In politics, almost everything is about timing. It is difficult to say if the recent "election" of Mahmoud Abbas by the Central Council of the Palestine Liberation Organisation (PLO) as President of the state of Palestine came at a good time.

Whoever advised Abbas, who is also the President of the Palestinian National Authority (PNA), leader of Fatah and Chairman of the PLO's Executive Committee, to accept a third position at this critical stage in Palestinian history, may have pushed the Hamas-PNA conflict beyond the point of no return.

It is clear that latest act of brinkmanship was meant to undermine Hamas, which organised a conference on the "Right of Return" last week in Damascus. Some Fatah activists feared the conference could become a foundation to form a new Palestinian national council, by-passing the existing council controlled by Abbas loyalists.

The symbolic position of President of the State of Palestine has been vacant since the death of Yasser Arafat in 2004. He was elected in March 1989 following his unilateral declaration of the birth of a Palestinian state a year earlier.

At that time, Arafat's move was viewed as clever strategy to put pressure on Israel and the US to force a negotiated settlement. It all worked reasonably well when Arafat, the titular head of all Palestinians, was alive. During that time, Hamas, the most influential movement in Gaza, had chosen not to join the PNA. But it retained a good working relationship with Arafat through its leader, the late Shaikh Ahmad Yassin. It was only when both had died that Hamas decided to participate in the Palestinian political process.

Tables turn

This is when the tables turned. Hamas won the legislative elections of 2006 as Fatah was routed. It was a humiliating defeat for the organisation that claimed to represent the aspirations of all Palestinians. Abbas was forced to ask its leaders to form a new government. The rest is history.

That election is now seen as the trigger to the most dangerous internal Palestinian crisis in modern times. The animosity between injured Fatah and buoyant Hamas, which has been in control of the besieged Gaza Strip since the summer of 2007, has divided the Palestinians and the territory on which they were hoping to set up their independent state.

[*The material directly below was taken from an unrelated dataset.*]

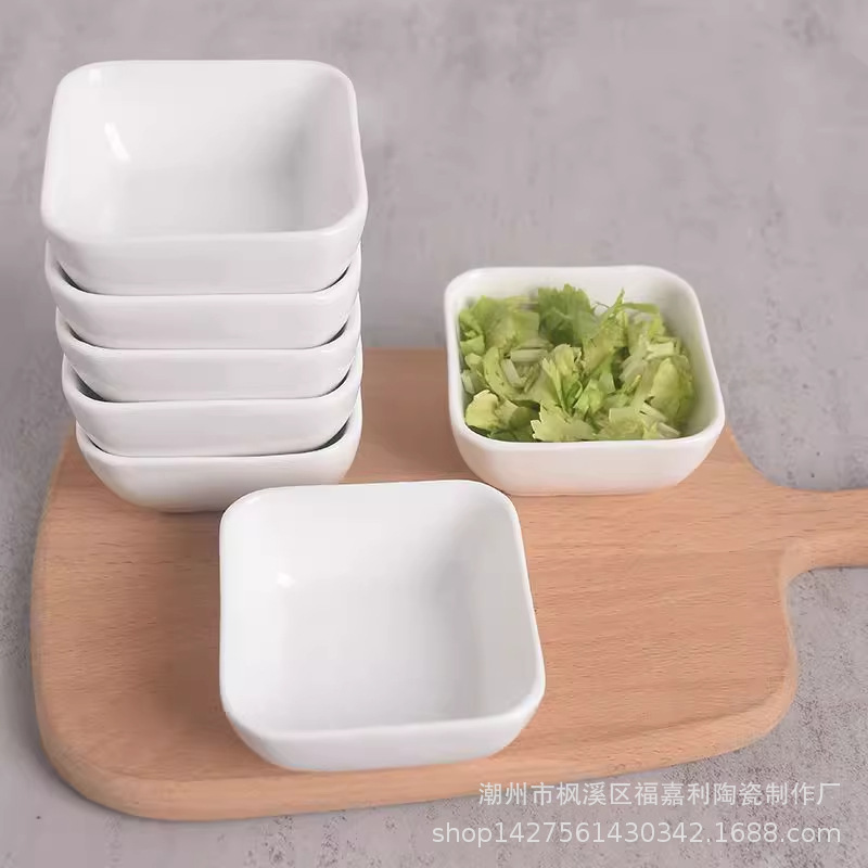 国境を越えたホテルのセラミック調味料ディッシュ、ディップディッシュ、アマゾンセラミックスクエアスナックディッシュ、和風ソースディッシュ

Today, after the failure of the latest Egyptian initiative to secure reconciliation and end Hamas' control of Gaza, the division seems irreparable. Gaza is again under Israeli siege while the political stalemate is crippling the PNA and its organisations.

Now both parties feel their luck could change. A constitutional deadline is looming and Abbas has declared his next move. He has announced that unless Hamas accepts dialogue and reverses its actions in Gaza he will call for simultaneous presidential and legislative elections early next year. Hamas has cried foul. In their view, Abbas' term as president ends in January but the Legislative Council has one more year to go. As both sides engage in a complicated legal duel, each brandishing an article in the basic law that supports his view, the Palestinian mess gets murkier.

Thus the election of Abbas as President of Palestine comes as a new development in this ongoing tussle. Will his new title, symbolic as it is, help him overcome any constitutional caveats that stand in the way of holding new double elections?

That may be the case. But failing to sway Hamas and end the rift, Abbas, who continues to enjoy the backing of Israel and the US, needs to prepare the Palestinian political scene for the advent of a new administration in Washington and a new government in Israel. Still, an Israeli paper reported few days ago that a security panel has called on the government to prevent the holding of new Palestinian elections for fear of another Hamas victory. It also predicted the Abbas' political marginalisation in the coming months.

Failing to dislodge Hamas in Gaza, Abbas will face the dire possibility of restricting elections to the West Bank. But this will further fragment the Palestinian cause and its supporters.

Now that Fatah and Abbas have made their move, we wait for the reaction. It could all boil down to a de facto Fatahland in the West Bank and Hamastan in Gaza. One thing was clear last week and that is for millions of Palestinians news of Abbas' election as president of their non-existing state was met with indifference, some may even say sadness and dismay.

 

Osama Al Sharif is a veteran Jordanian journalist based in Amman.